By May of this year, it became impossible to ignore the underlying weakness in the economy. Though the signs were plainly visible for most of 2018, particularly in housing, autos, and retail sales, it was not until the yield curve finally inverted in early spring that investors took notice. Typically, yields on long-dated Treasuries only fall below the yields of shorter-dated Treasuries when the economy is moving toward recession. While many analysts offered theories as to why this usually reliable recession predictor was no longer valid, the fear began to spread.
Then in recent weeks, the economic data turned much softer. Deterioration accelerated in the housing market (where the lowest mortgage rates in years have failed to translate into home sales or mortgage origination), in factory orders, industrial output and consumer spending. New data from the auto market revealed that the time needed to sell new cars has not been longer since the recession year of 2010. Auto, credit card, and student loan delinquencies also rose to levels not seen since the Great Recession, according to data from the NY Federal Reserve Bank. The anxiety was ramped up this week when ADP released its worst employment report in almost a decade, showing only 27,000 private sector jobs created in the month of May. Ominously, the biggest losses were in high paying goods-producing jobs. That was followed up by the Labor Department's release of a much weaker than expected 75,000 gain in non-farm payrolls in May, together with significant downward revisions to prior months' numbers.
But the biggest shadow hanging over the economy is coming from the uncertainty created by President Trump's multi-front trade war. As talks have collapsed between the U. S. and China, and rhetoric on both sides has begun to resemble Cold War dimensions, economists have had to factor in the possibility of higher consumer prices, disrupted supply chains, and falling exports. What's worse is that the situation with China looks like it will get worse before it gets better.
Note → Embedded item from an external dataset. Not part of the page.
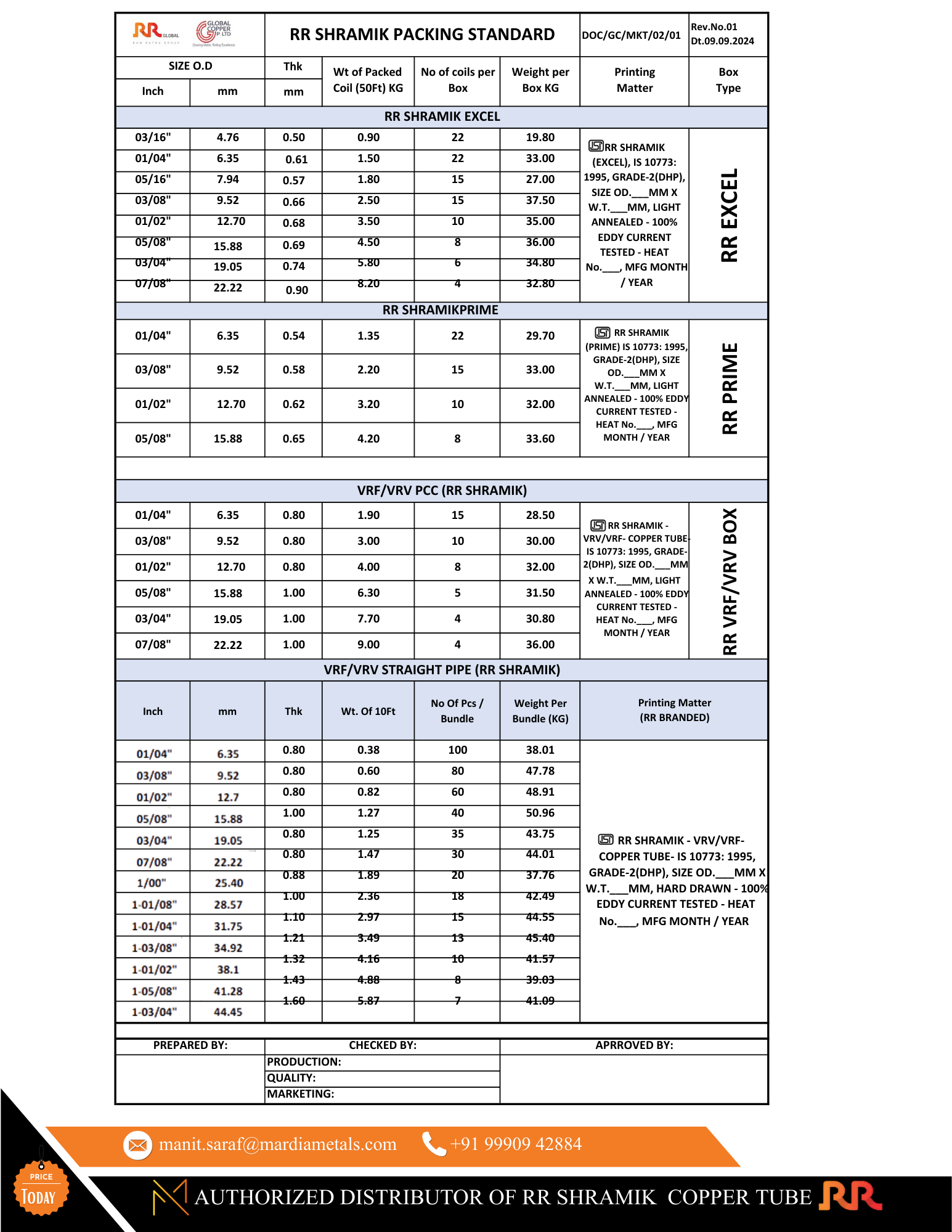 VRV-grade copper tubes are specially engineered for large-scale central air-conditioning systems where efficiency, pressure handling, and reliability matter the most.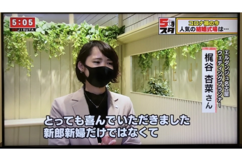 3月16日にエルダンジュナゴヤがテレビ愛知5時スタにコロナ禍の新たな結婚式の取り組みで取材を受けました。

And just this week, things got even dicier when Trump shocked everyone with his surprise tariff announcements against Mexico. Even though the administration had already invested much political capital in negotiating and pushing the United States Mexico Canada Trade Agreement (USMCA - the replacement for NAFTA), the president seemed more than willing to risk blowing up the entire agreement in pursuit of a win on border security. Such whimsical displays on trade policy may undermine the Administration's negotiations with all of our trading partners.
As I have argued in the past, most Americans are completely
unaware of the benefits we receive from free trade in the form of lower consumer prices and lower interest rates. When prices rise for everything sold in Walmart and when Americans face higher mortgage and credit card rates, the true cost of an ill-advised trade war will come into sharper focus.
With these uncertainties piling up, Powell stepped up to the microphone this week and told us what we already should have known: There is no more tightening bias and that the next move the Fed makes may be to cut rates not to raise them.
When the Fed last raised rates, controversially, back in December, I argued that that would be the last time it would do so, and that its next move would be a cut. At the time, those predictions were woefully out of step, bordering on delusional. To believe that the Fed would so quickly retreat after blowing the bugle of advance so loudly, would be to admit that it had no idea what it was doing, and that the best minds on Wall Street could not see a crisis looming in plain sight. Yeah. That's about right. Since they were all blindsided by the 2008 crisis, why should we expect their vision to be any clearer now?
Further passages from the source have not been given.